Your task —
Below are the records; collect from them each line containing the string "MyTouch".

START Provided material

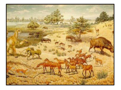
Agate Fossil Beds Mural by Matternes

complete ever found for that species, with missing pieces reconstructed from models.
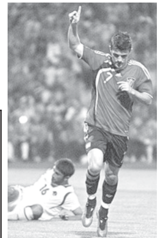
David Villa (R) of Spain celebrates during their friendly football match against Azerbaijan in Baku. Spain won 6-0.

On the other side of the draw, World Cup holders Italy come face to face with defending Confederations Cup champions Brazil, and potentially dangerous 'dark horses' Egypt and the United States lurk in the background.—Internet
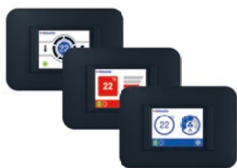
BlueCool MyTouch Display

The BlueCool MyTouch display is the new standard display for all BlueCool A/C Series:
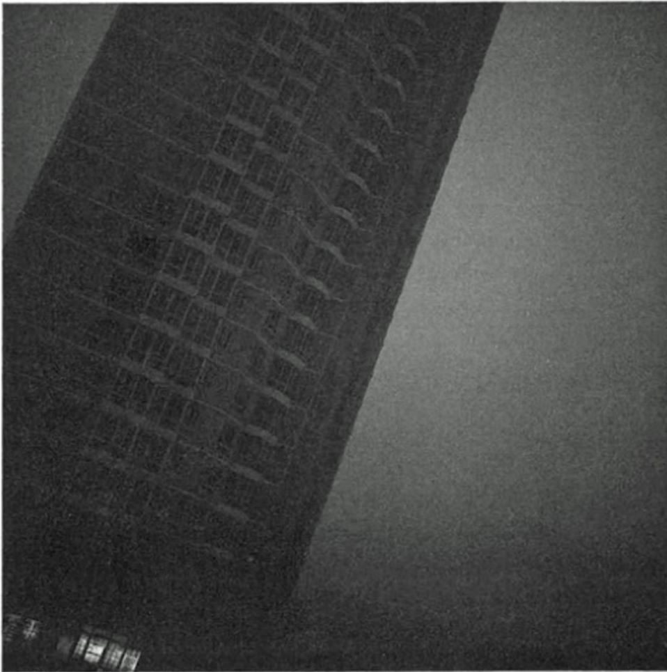
Fig. 2. Benjamin, Talens, García-Alix 2012, 73.

For the first time in history, with the establishment of department stores, consumers begin to consider themselves a mass. (Earlier it was only scarcity which taught them that.) Hence, the circus-like and theatrical element of commerce is quite extraordinarily heightened. (Benjamin, 2002, 43).
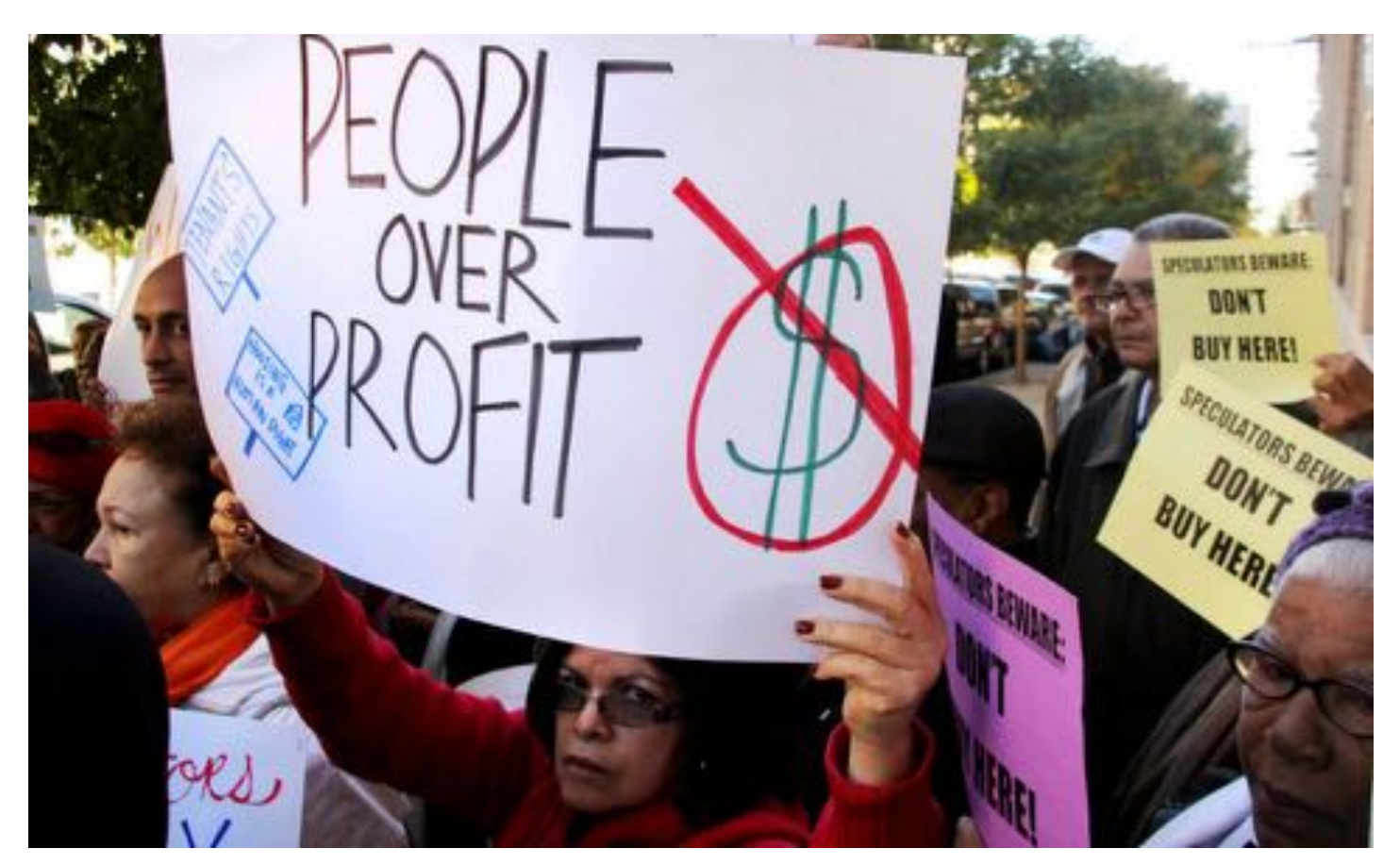
<u>UHAB Press Conference: Fighting Predatory Equity</u>. Tenants, advocates, and elected officials joined UHAB to call on building owner Vantage and private-equity investment group Lone Star Funds to sell ten buildings in foreclosure at a sustainable price to ensure the buildings' conditions do not deteriorate.

CS: Tell me what happened in terms of City-owned property in the 1990s. How did UHAB respond to those changes?
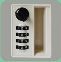
3S Keyless Lock
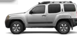
PRO-4X: WILD TO THE CORE
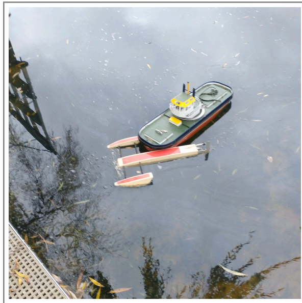
The versatility of a modern tug model demonstrated in this rescue.

Another link to utube which may be of interest to all modellers. https://youtu.be/lmLAmfM_AgA baking soda and superglue.
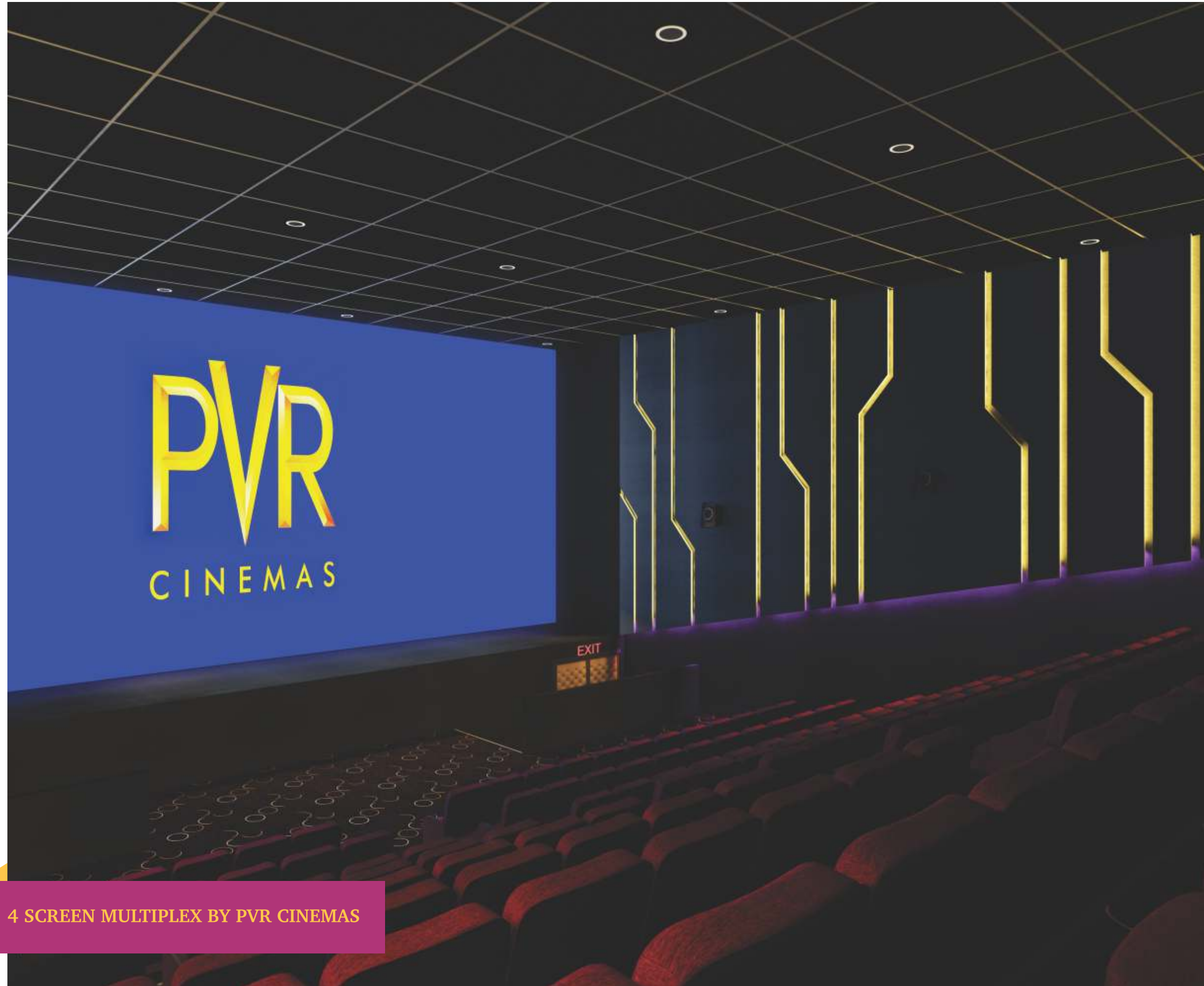
4 SCREEN MULTIPLEX BY PVR CINEMAS

END Provided material

Reply to the task —
BlueCool MyTouch Display
The BlueCool MyTouch display is the new standard display for all BlueCool A/C Series:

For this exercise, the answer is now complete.